We conducted all statistical analyses using R (R Core Team 2015). We used Mann-Whitney U tests to compare nest-site vegetation variables between the Coastal Plain and the Sandhills. For all descriptive statistics of vegetation variables we present means ± SD, and we considered U tests significant at P ≤ 0.05.
We modeled nest-site selection using mixed-effects logistic regression models with the lme4 package (Bates et al. 2015). Because of strong regional variation in vegetation composition and structure, we developed separate model sets for each physiographic region. Prior to analysis, we tested for correlations (r > |0.60|) between all combinations of vegetation variables (Table 2). We used a manual forward-selection approach for model building (Burnham and Anderson 2002), in which we built univariate models separately and then sequentially added variables that lowered the value of Akaike's Information Criterion corrected for small sample size (AICc; Burnham and Anderson 2002). In addition to a single linear effect of grass, we considered a quadratic effect of vertical grass density because dense grass can restrict Bachman's Sparrow movements on the ground in the absence of fire (Brooks and Stouffer 2010, Taillie et al. 2015). For all models, we included ‘plot pair ID' as a random effect to account for nonindependence between each nest and its paired reference plot.

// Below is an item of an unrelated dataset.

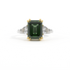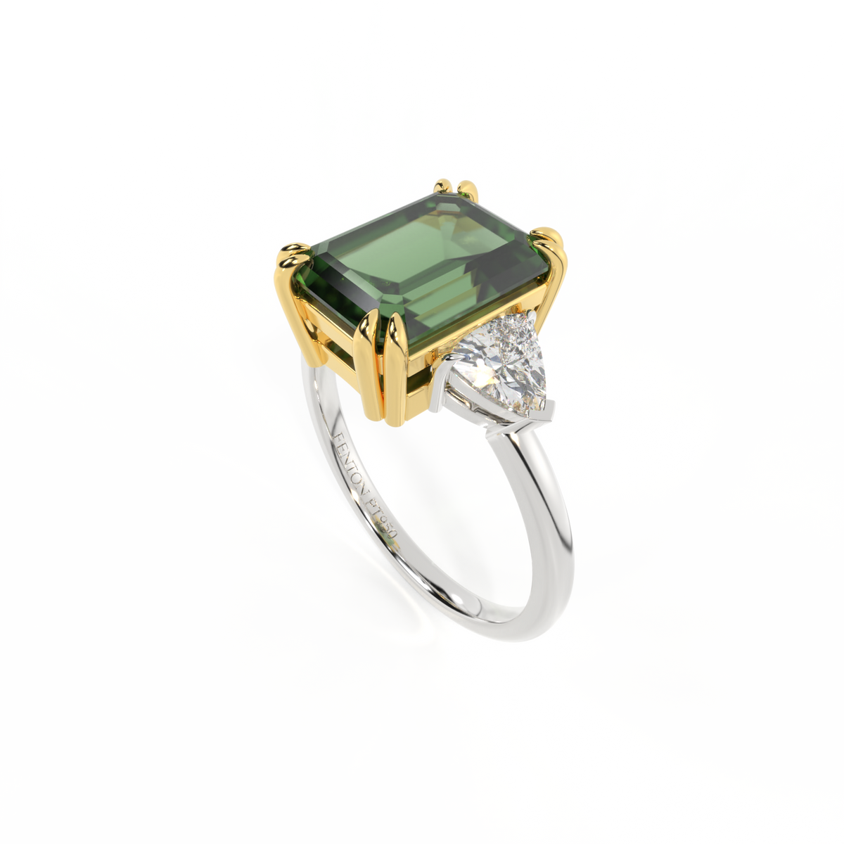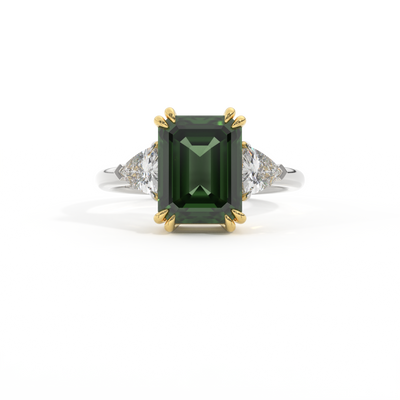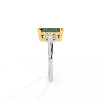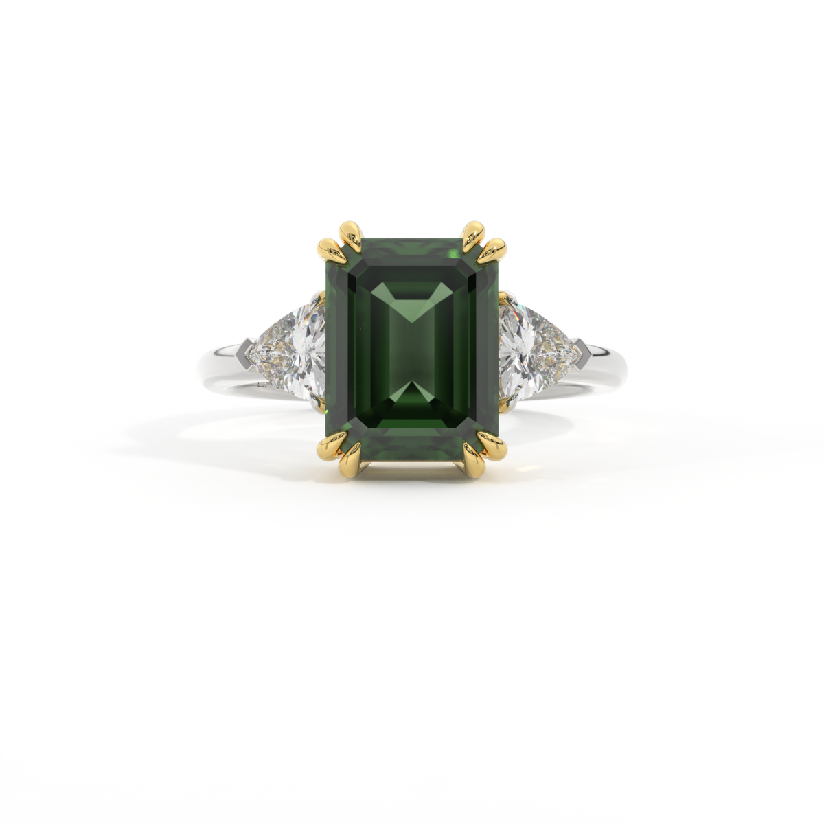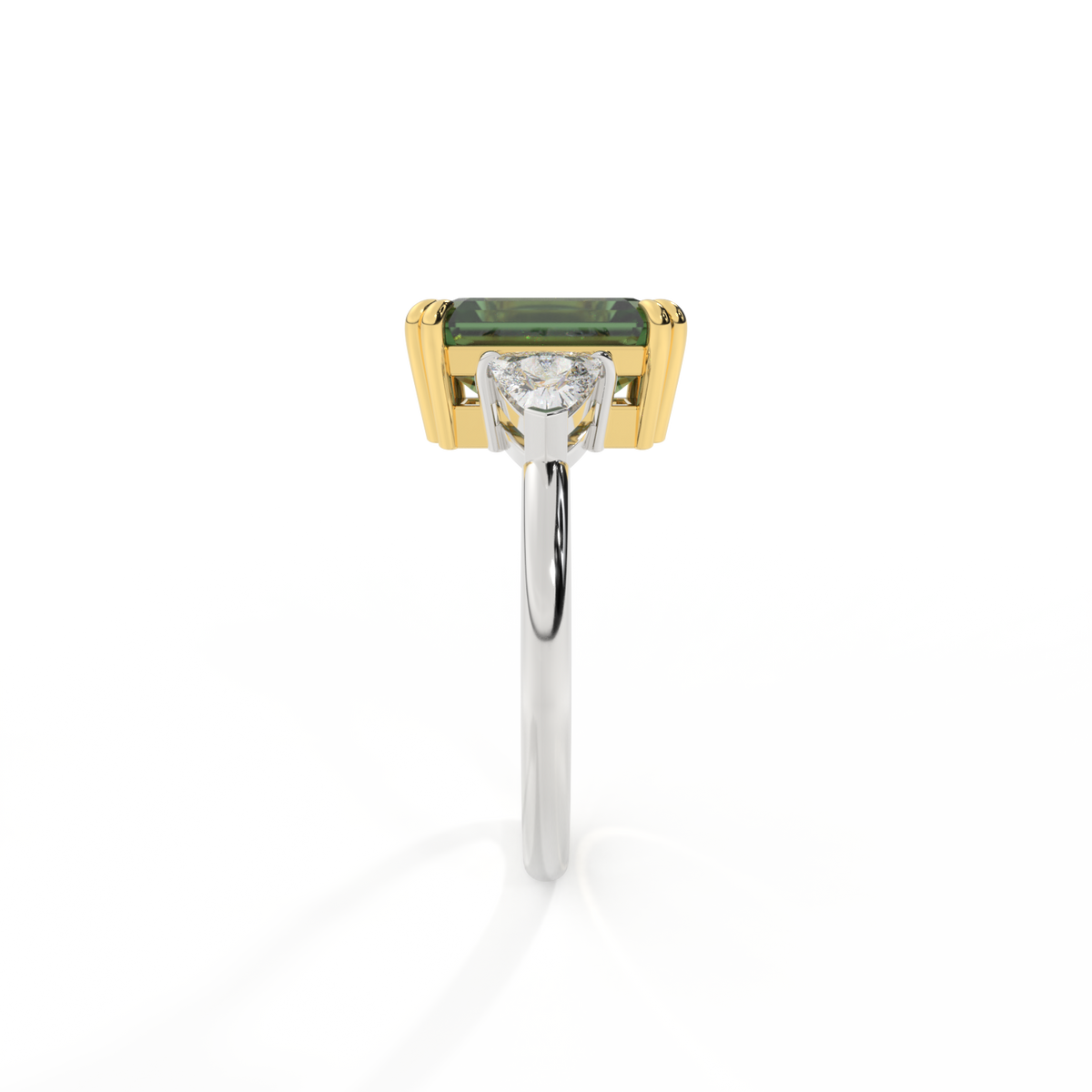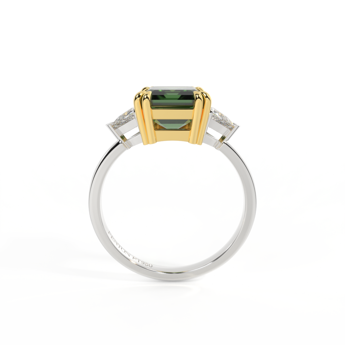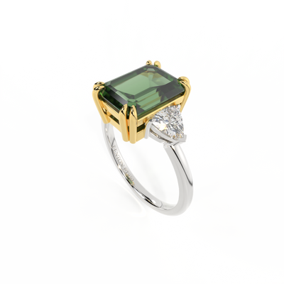 All of our rings are available in blue sapphire, green sapphire, emerald, pink sapphire, yellow sapphire, garnet and aquamarine. We offer three metals, 18K rose gold, 18K yellow gold and platinum. The centre stones are available in four cuts, round, cushion, oval and emerald cut and five sizes for each cut and style.

Description of variables considered (indicated with an ‘x') for examining nest-site selection and nest survival of Bachman's Sparrows in North Carolina, USA, 2014–2015.
Because longleaf pine communities in the Coastal Plain and Sandhills are distinct, we expected different patterns of nest-site selection in each region. However, this expectation could potentially be confounded by variation in fire return intervals between physiographic regions rather than by regional differences in groundcover composition and structure. Therefore, we ran additional post hoc models to account for the effect of time since fire on nest-site characteristics in the Coastal Plain and Sandhills separately. We analyzed individual nest-site characteristics (response variables) in relation to time since fire (predictor variable) for each physiographic region using generalized linear mixed models with the lme4 package (Bates et al. 2015). Response variables were fit to Poisson distributions by rounding vegetation data to the nearest whole number value. We included a random effect in each model to account for variation among study plots.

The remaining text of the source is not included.